The beauty of the class is to put students in charge of their learning by giving students choices and the means to assess their progress. This strategy strongly fosters students’ metacognition and independence. Students actively participated in the discussion on questions such as “what is a learning result of this class?” or “how can I design an activity/project that encourage deep engagement?” When making their own decision, students not only engage with course content, but also develop a vision of a correlated achievement in their interested field.
CHNS students can pick from diverse ways to demonstrate their written mastery (paper), verbal mastery (presentations), visual mastery (video editing), as well as kinesthetic mastery (video shooting).
Designing your academic/career path for a wider audience
When students work hard to get a good grade, they need to ask a question what a grade can tell other people about my study background, my strength, my interests, etc. Unfortunately, it means very little. One needs to dig deeper and take a look at a timeline-based process in order to understand a student’s ability.
Students need an environment to demonstrate their knowledge and expertise. To make their growth seen by more people, the class needs to help students to show learning results in relevant and engaging ways so that the student’s potential can be recognized. This requires student’s assessment to go beyond repeated exercise or simple numeric grade. Students can show their potentials by using a technology-enriched tool, such as multimedia or visualization, to name a few.
Therefore a student always needs to show real value through more tools rather than a simple grade. As discussed in 100 Things Students Can Create To Demonstrate What They Know, tech-enabled tools help students to demonstrate themselves more effectively. While a single course may show a limited aspect of a student’s experience, below, we list a few comprehensive ways that students can use to combine products over time.
A. Portfolio
A portfolio is a compilation of academic and professional materials that exemplifies your beliefs, skills, qualifications, education, training, and experiences. It provides insight into your personality and work ethic.
Choosing the most relevant academic and professional experiences and putting them in an easily understood format will show an employer proof of your organizational, communication, and tangible career-related skills.

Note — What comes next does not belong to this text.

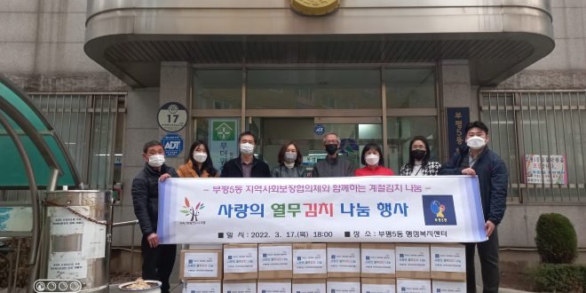 부평5동 지역사회보장협의체는 지난 17일 봄을 맞아 홀몸노인 등 지역 내 저소득 100가정에 열무김치를 지원했다.
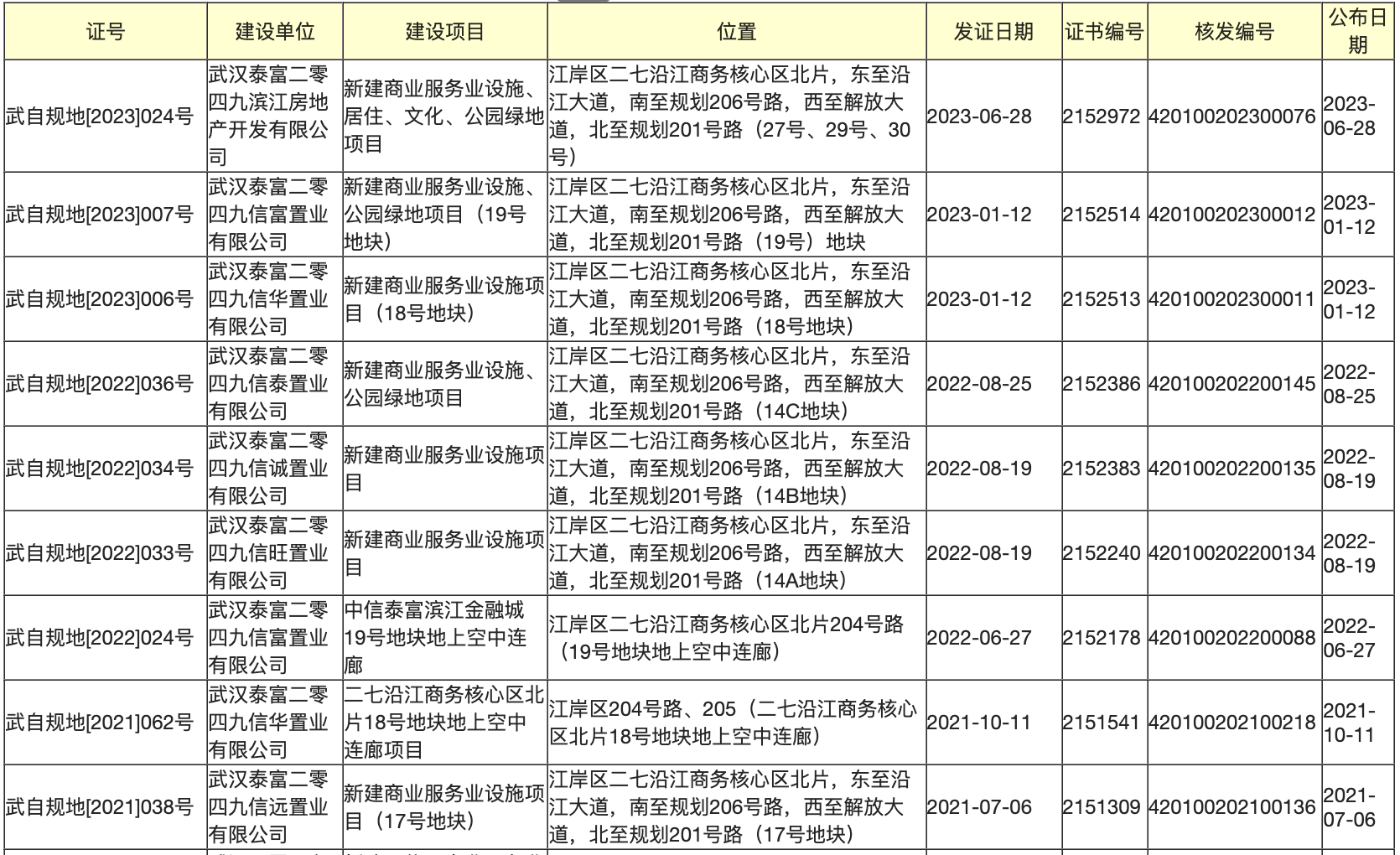 据乐居财经查阅,武汉泰富二零四九商业发展有限公司旗下有7家全资子公司,包括武汉泰富二零四九信旺置业、信远置业、滨江房地产开发、信富置业、信诚置业、信华置业和信泰置业有限公司,均为2017年4月7日,为武汉江岸区二七沿江商务核心区北片系列地块的项目公司。

B. Professional images in media
Participating in professional discussion through such media as blog and discussion forum. You can capture the attention by showing your work, raise good questions, and provide solutions. Your growth and persistence in a specific field can promote your professional development and open more doors for you.
C. Social media platforms
Before participating in a social media, get to know the platforms. It seems like new social media platforms emerge every day, but the hottest new app may not be the best choice for you. Currently, the largest platforms are still Facebook, LinkedIn, and Twitter. They can connect you with a large number of audience but give you narrow chance to be found by people who share same interests. So building a coherent network is an important step. You can start from people who know you in real world and then gradually expand to the cyber worlds.